▶ _Your task_:
Repeat exactly the line that contains "Neutral Forest Baby Room Wallpaper" and every line after it, down to the last line of the entries below. Do not include pictures.
Material to process Block Start
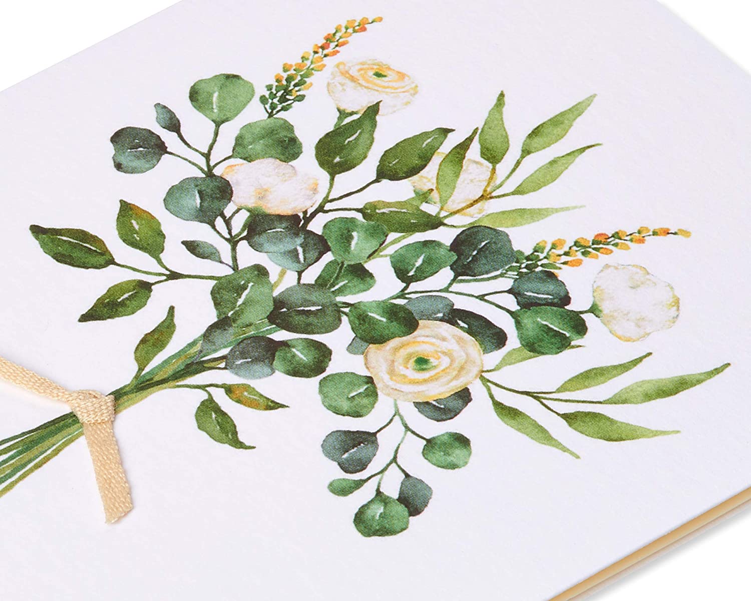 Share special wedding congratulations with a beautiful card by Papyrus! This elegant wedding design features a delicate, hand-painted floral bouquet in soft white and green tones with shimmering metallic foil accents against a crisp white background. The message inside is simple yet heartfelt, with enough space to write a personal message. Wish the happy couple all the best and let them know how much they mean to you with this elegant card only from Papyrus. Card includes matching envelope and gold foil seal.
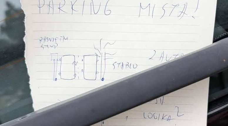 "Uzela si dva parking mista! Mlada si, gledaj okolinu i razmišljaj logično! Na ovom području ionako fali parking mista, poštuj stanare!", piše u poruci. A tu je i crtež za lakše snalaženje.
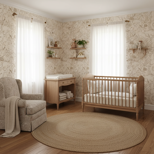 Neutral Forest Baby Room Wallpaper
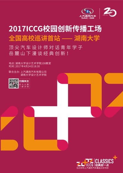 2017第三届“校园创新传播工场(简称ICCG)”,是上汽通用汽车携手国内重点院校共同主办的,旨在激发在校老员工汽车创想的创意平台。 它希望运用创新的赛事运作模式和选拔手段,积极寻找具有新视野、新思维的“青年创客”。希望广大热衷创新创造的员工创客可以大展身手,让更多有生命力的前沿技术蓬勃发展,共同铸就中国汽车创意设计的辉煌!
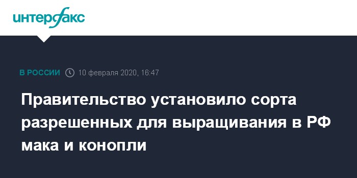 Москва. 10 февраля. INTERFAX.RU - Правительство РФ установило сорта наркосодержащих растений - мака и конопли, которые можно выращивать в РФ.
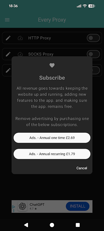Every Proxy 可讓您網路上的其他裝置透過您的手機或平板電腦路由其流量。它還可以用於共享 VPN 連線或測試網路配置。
Material to process Block End
▶ _Result_:
 Neutral Forest Baby Room Wallpaper
 2017第三届“校园创新传播工场(简称ICCG)”,是上汽通用汽车携手国内重点院校共同主办的,旨在激发在校老员工汽车创想的创意平台。 它希望运用创新的赛事运作模式和选拔手段,积极寻找具有新视野、新思维的“青年创客”。希望广大热衷创新创造的员工创客可以大展身手,让更多有生命力的前沿技术蓬勃发展,共同铸就中国汽车创意设计的辉煌!
 Москва. 10 февраля. INTERFAX.RU - Правительство РФ установило сорта наркосодержащих растений - мака и конопли, которые можно выращивать в РФ.
Every Proxy 可讓您網路上的其他裝置透過您的手機或平板電腦路由其流量。它還可以用於共享 VPN 連線或測試網路配置。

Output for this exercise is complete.